A new analysis states that Germany could surpass its current level of installed solar with no problems, providing that one condition is met. You might have guessed what it is: more energy storage. In fact, the report says Germany could have 150 GW of solar capacity with 40 GW of energy storage. We might expect that energy storage in Germany is entirely new and mostly a future-oriented technology. However, it has been documented that 15,000 German households already have PV-battery systems. One prediction has stated that there could 100,000 battery system installations per year by 2018.
If there are 300,000 German PV battery installations in the next ten years, how many GW is that?
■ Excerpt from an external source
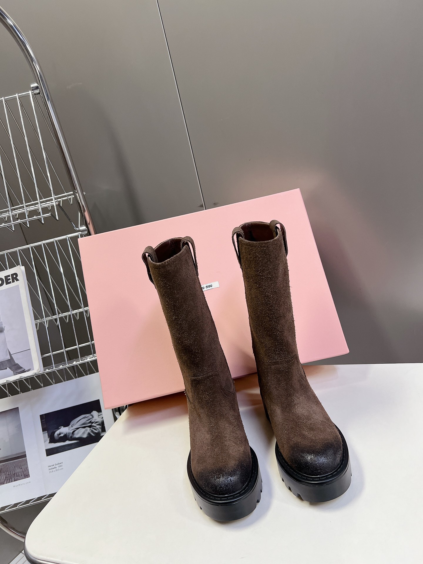 Top Miu Miu Fall/Winter Show Long Boots! Must-have boots this year, super soft and comfortable. Wide bootleg, suits all leg types, very leg-lengthening. 5.5cm sole, punk style. Upper: Imported cowhide. Lining: Cowhide. Sole: Original rubber. Sizes: 35-40.
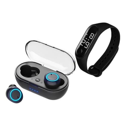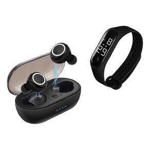 2 x fones de ouvido 1 x caixa de carregamento 1 x relógio digital

“Scenarios with 150 or 200 gigawatts of photovoltaics in Germany, which were until recently considered by many utterly unrealistic, are technically and economically possible. Rather than focusing on electricity sales, energy businesses will need other products to serve customers who produce and store their own power,” explained Dr Patrick Graichen, director of Agora Energiewende.
One scenario that seems to be implied with the potential explosion of energy storage is the producing, storing and selling of electricity by homeowners.
If electricity markets can expand to allow homeowners to sell surplus electricity back to the grid, payback periods for PV and battery systems should be shortened. Clearly, if that could happen, the reduced payback time would be another incentive.
The rapid expansion of solar power in Germany was done to help the nation achieve of a goal of 80% renewable electricity by 2050. At the inception, it wasn’t clear that energy storage in the form of batteries would be available like it is now and going forward. So you could argue, the whole renewable energy transition was not entirely envisioned, but somehow the missing piece — energy storage — began to emerge.
Will there be a third major technological piece of the puzzle that will also begin to appear on the scene, as a response to the first two?
What might that be?
EVs might replace all fossil-fuel vehicles, but electric vehicles have been around for a long time.
Is there a new technology that we aren’t aware of yet that will be created in response to the renewables and energy storage combination?